_WORK TO BE COMPLETED_
For the data below, give again exactly the lines from the one containing "انزلوا فأَعْطُوا أيديكم" through the one containing "Explore the irresistible", both ends included, and no others.

_RECORDS FOR THE EXERCISE_
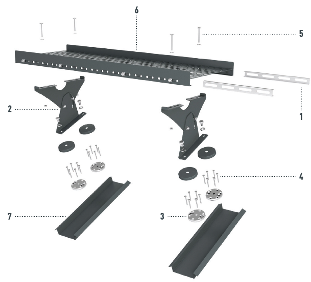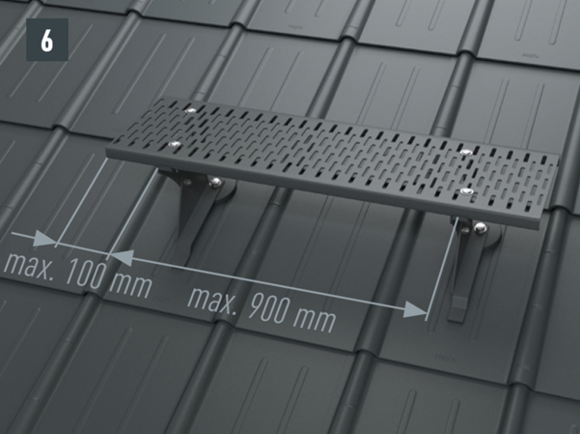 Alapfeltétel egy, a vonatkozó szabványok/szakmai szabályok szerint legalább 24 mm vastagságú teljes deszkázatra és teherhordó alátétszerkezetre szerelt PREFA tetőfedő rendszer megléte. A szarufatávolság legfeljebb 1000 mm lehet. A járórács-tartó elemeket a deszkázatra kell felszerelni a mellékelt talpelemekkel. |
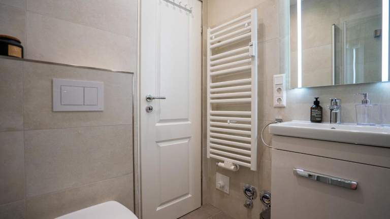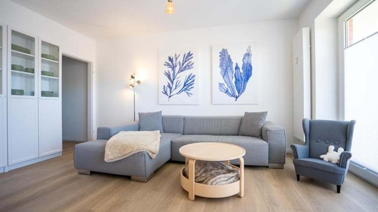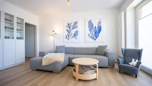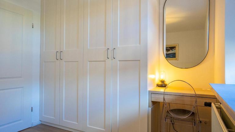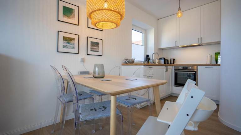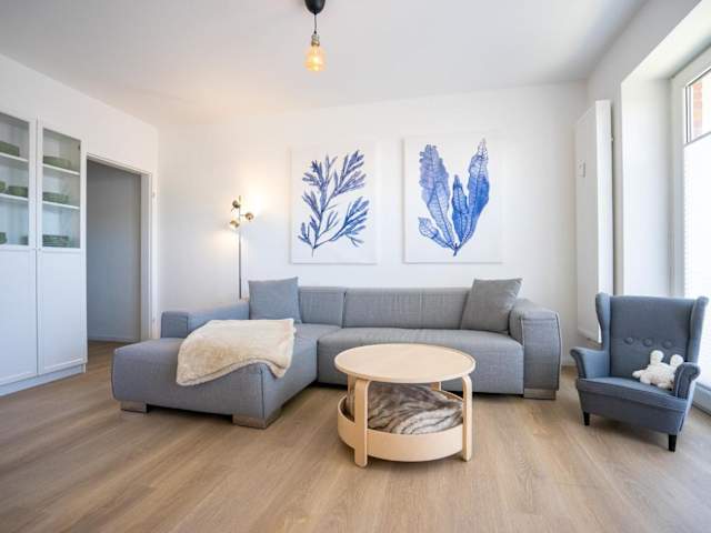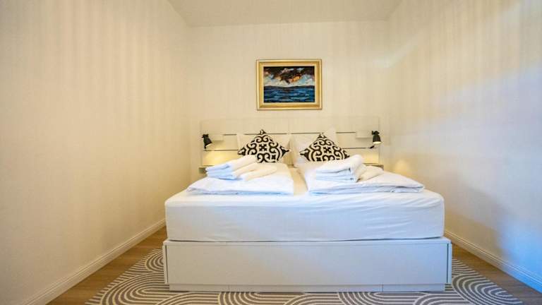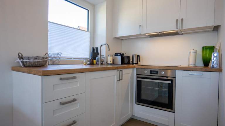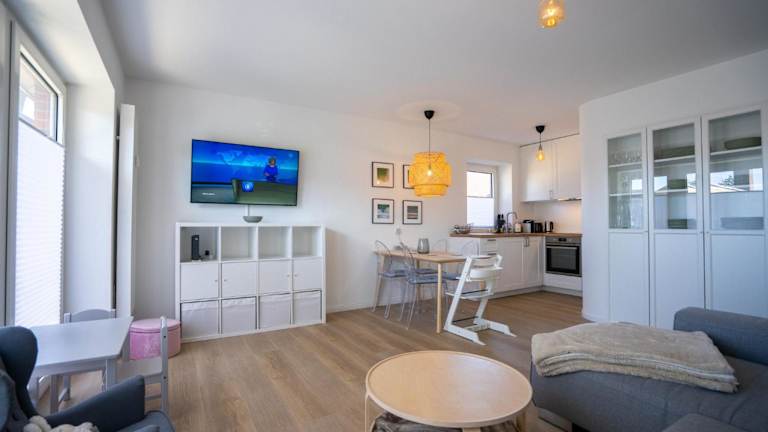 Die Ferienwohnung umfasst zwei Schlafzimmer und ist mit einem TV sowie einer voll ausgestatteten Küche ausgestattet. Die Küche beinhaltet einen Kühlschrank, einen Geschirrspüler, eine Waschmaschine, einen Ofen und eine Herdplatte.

--

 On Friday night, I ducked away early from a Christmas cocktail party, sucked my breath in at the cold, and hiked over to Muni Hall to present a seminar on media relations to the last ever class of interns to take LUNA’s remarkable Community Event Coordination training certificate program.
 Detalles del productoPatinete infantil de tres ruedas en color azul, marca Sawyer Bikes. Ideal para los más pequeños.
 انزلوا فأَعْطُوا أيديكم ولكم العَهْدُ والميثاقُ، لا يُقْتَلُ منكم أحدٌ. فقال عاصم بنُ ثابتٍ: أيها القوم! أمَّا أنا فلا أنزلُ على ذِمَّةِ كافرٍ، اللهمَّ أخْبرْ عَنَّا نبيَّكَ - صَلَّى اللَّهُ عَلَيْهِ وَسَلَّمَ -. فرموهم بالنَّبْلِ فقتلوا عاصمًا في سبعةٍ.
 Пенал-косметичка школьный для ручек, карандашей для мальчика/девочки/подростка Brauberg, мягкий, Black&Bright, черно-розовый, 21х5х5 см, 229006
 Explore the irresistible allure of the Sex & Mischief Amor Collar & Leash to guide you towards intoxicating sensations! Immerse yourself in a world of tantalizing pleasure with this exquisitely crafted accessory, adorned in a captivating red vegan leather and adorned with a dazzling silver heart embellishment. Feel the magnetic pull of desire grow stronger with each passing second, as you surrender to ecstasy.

_OUTPUT FOR THIS EXERCISE_
 انزلوا فأَعْطُوا أيديكم ولكم العَهْدُ والميثاقُ، لا يُقْتَلُ منكم أحدٌ. فقال عاصم بنُ ثابتٍ: أيها القوم! أمَّا أنا فلا أنزلُ على ذِمَّةِ كافرٍ، اللهمَّ أخْبرْ عَنَّا نبيَّكَ - صَلَّى اللَّهُ عَلَيْهِ وَسَلَّمَ -. فرموهم بالنَّبْلِ فقتلوا عاصمًا في سبعةٍ.
 Пенал-косметичка школьный для ручек, карандашей для мальчика/девочки/подростка Brauberg, мягкий, Black&Bright, черно-розовый, 21х5х5 см, 229006
 Explore the irresistible allure of the Sex & Mischief Amor Collar & Leash to guide you towards intoxicating sensations! Immerse yourself in a world of tantalizing pleasure with this exquisitely crafted accessory, adorned in a captivating red vegan leather and adorned with a dazzling silver heart embellishment. Feel the magnetic pull of desire grow stronger with each passing second, as you surrender to ecstasy.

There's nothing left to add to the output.